Connor: We have access to a whole new talent pool of like European talent and talent that can come to the US. We get a lot of new people into the field. We have like also the EleutherAI people coming in, we have different research directions and de-correlated bets to get things in. And we can scale. We have a lot of operational capacity, a lot of experience and also entrepreneurial vigor. So to speak, to try to really build bigger things, to scale things up to tackle more ambitious projects and to get more things on.
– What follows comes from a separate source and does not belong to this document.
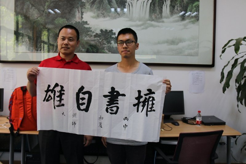 书法老师还写下论语名句“有朋自远来来,不亦乐乎?”欢迎各位美国员工的到来,并将自己的书法作品“抱道不屈,拥书自雄”赠送给他们作为留念。

And so far things have been growing incredibly well.

Connor: We’ve already posted some of our early results and we’re going to post more soon and we have an incredibly exciting team that has incredible good experience and like unique experience in many sense kind of skills to work on these kinds of problems. So if you’re, if you want to diversify your portfolio of alignment bets, if you want to some more de-correlated bets, some more shots at the problem. I think we’re a pretty obvious choice. Pretty good choice.

Twitter Questions

Michaël: I just want to end this, because I think we kind of talked a lot about the Conjecture, with some of the questions that are a bit more non-serious and meme, just to conclude the whole thing, from Twitter. Which are the very important question of “why is the law of excluded middle the best law?”. Asked by… I don’t know, someone on Twitter.
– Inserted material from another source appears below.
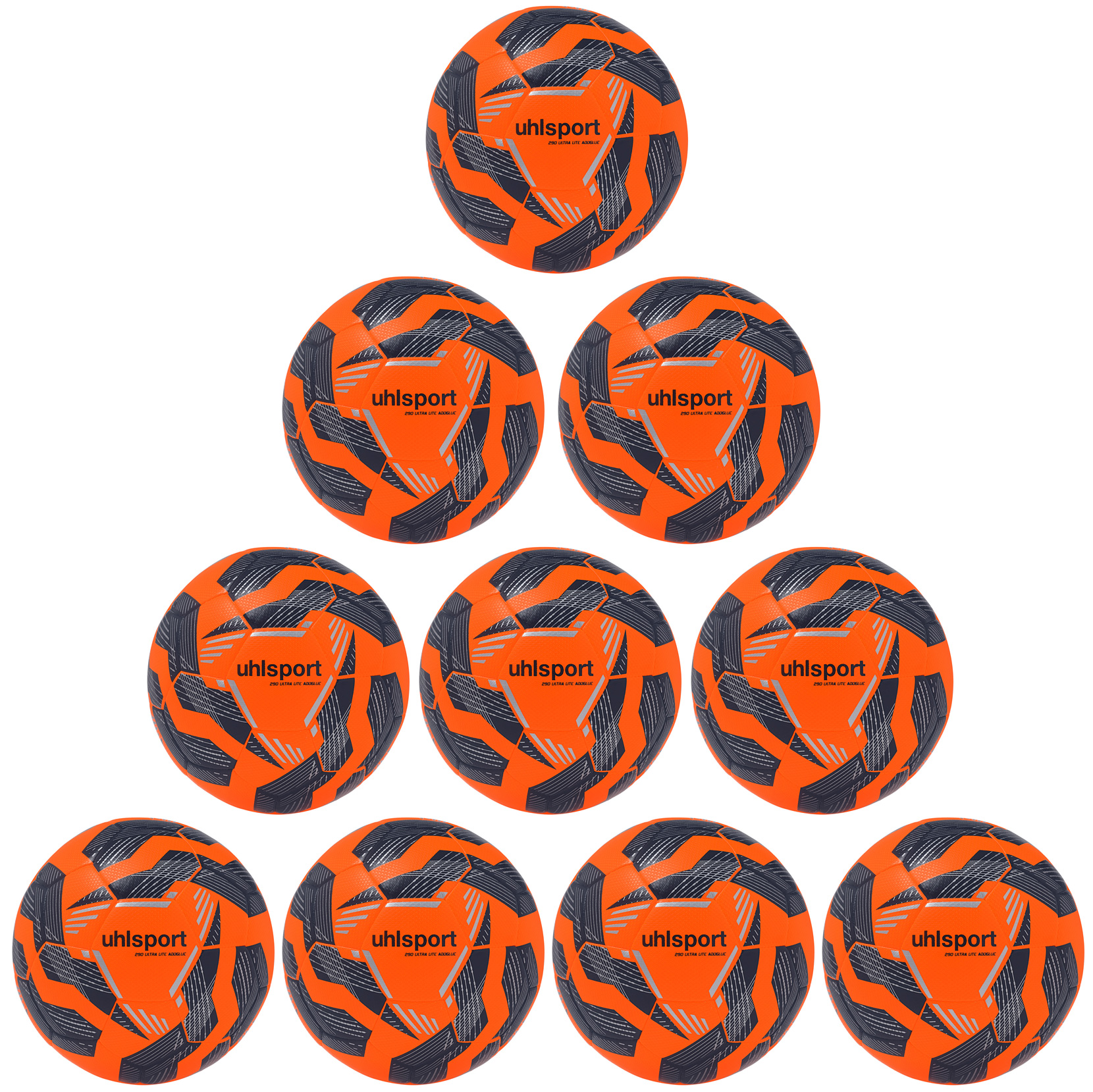 Startseite » Ballpakete » 10er Ballpaket / Ballset Uhlsport Fußball 290 Ultra Lite Addglue fluo orange/marine/silber Gr. 3, 4, 5

Connor: Okay. This needs a bit of context. Excellent question. Excellent question. So the context of this is, so the law of excluded middle is one of the axioms of classical logic, which basically says every statement and logic is either true or false. And this is one of my favorite topics to shit post about on like I EleutherAI’s #off-topic when I’m really late, late at night, because my whole… My galaxy brain schizo take is that like all of mathematics is basically wrong. And is very confused and like defines truth wrong. And like all kinds of proofs are like wrong and invalid and et cetera, et cetera. Just like big brain stuff. And the reasoning for that, like we don’t have time to get into all the reasoning here. So I’m just going to throw out a ball bunch of super technical words and just like not explain them, if you’re like a mathematician, you might understand these. And if you don’t then have fun Googling.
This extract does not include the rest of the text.